Daniel Alejandro Grajeda Hernández

After ten years of struggle Sambizanga, a film directed by Sarah Maldoror, was finally restored and presented at the 20th Morelia International Film Festival (FICM). The restoration was carried out by the Cineteca di Bologna and The Film Foundation´s World Cinema Project.

The film was presented by Annouchka de Andrade, daughter of the film's director, and was accompanied by Chlöe Roddick, FICM programmer.

 

Annouchka De Andrade
Annouchka De Andrade

"I want to thank the Morelia International Film Festival for allowing us to be here," Annouchka de Andrade said as the presentation of her mother's film began. Before showing the film that was made years ago, Annouchka gave us a profile of the director.

Sarah Maldoror was born in the south of France in 1929. Orphaned at a very young age, she decided to start her career in theater. She moved to Paris in the fifties, at a time when she faced considerable difficulties as a Black woman. She surrounded herself with a community of Black people, thus strengthening her identity, to the point of changing her last name to Maldoror, a name inspired by the poem of The Songs of Maldoror by the Comte de Lautréamont.

After receiving unfair treatment in the theater world, she and her classmates created the first Black theater troupe in the country, called “Les Griots,” presenting plays by Black authors and founding an acting school. She then decided to study flimmaking in Moscow.

Her husband was the writer, poet, and founder and first president of the Movement for the Liberation of Angola, Mário Pinto de Andrade, which made them flee Algeria and relocated in Paris. Once there, Sarah decided to make Sambizanga.
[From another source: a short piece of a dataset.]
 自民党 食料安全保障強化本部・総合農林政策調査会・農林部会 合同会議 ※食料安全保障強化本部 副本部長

After sharing the story of his mother with us, the screening began.

 

Annouchka De Andrade

Sambizanga portrays the repression of a member of the Angolan Liberation Movement who was arrested by the Portuguese secret police and beaten to death. His wife, unaware of his whereabouts, goes looking for him from police station to police station trying to find out where he is. Sambizanga, is the name of a neighborhood in Luanda where the Portuguese prison used to be.

At the end of the film, there was a Q&A session with the audience, mediated by Clöe Roddick.
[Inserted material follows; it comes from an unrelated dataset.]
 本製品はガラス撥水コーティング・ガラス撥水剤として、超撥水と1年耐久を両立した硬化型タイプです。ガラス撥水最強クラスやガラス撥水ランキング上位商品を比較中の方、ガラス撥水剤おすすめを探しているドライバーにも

According to Annouchka, the French Ministry of Culture funded the film’s realization. In addition, she shared the reason for the 10-year struggle in restoring the film. The producer of the tape sold the rights to another producer, who did not want to do anything with the film for thirty years. When the copyright ran out, Annouchka and Sarah Maldoror approached the producer about their plans to restore the film and release it in theaters for people to see. The new producer refused the idea. However, they reached an agreement where he could keep the rights to the film in all of Francophone Europe and in the rest of the world. Sadly, Sarah Maldoror died before I was able to see her restored film of her again.
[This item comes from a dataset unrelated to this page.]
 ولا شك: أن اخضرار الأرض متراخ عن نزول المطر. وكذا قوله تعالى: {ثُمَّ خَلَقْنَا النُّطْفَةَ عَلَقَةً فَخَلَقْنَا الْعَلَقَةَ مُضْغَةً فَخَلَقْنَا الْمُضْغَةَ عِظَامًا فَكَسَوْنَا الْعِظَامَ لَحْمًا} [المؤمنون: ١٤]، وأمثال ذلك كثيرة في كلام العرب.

Annouchka shared that her mother intended to show how no guerrilla can be won without the participation of women. She also said that the film centralizes her motherhood as one of her characters since it is a fundamental idea for her as she always took Annouchka and her sister with her everywhere she went.

Annouchka contó que su mamá tenía la intención de mostrar cómo ninguna guerrilla se puede ganar sin la participación de las mujeres. Además contó que la película también centraliza la maternidad como uno de sus personajes, pues es una idea fundamental para ella, ya que siempre llevaba a Annouchka y a su hermana con ella a los lugares a los que fuera. 

He also explained the importance of music and dance in the film. This is because clandestine parties were held in the past to be able to meet in secret without raising suspicions. This element is part of a cultural context that can be seen in the film and can generate certain questions in audiences.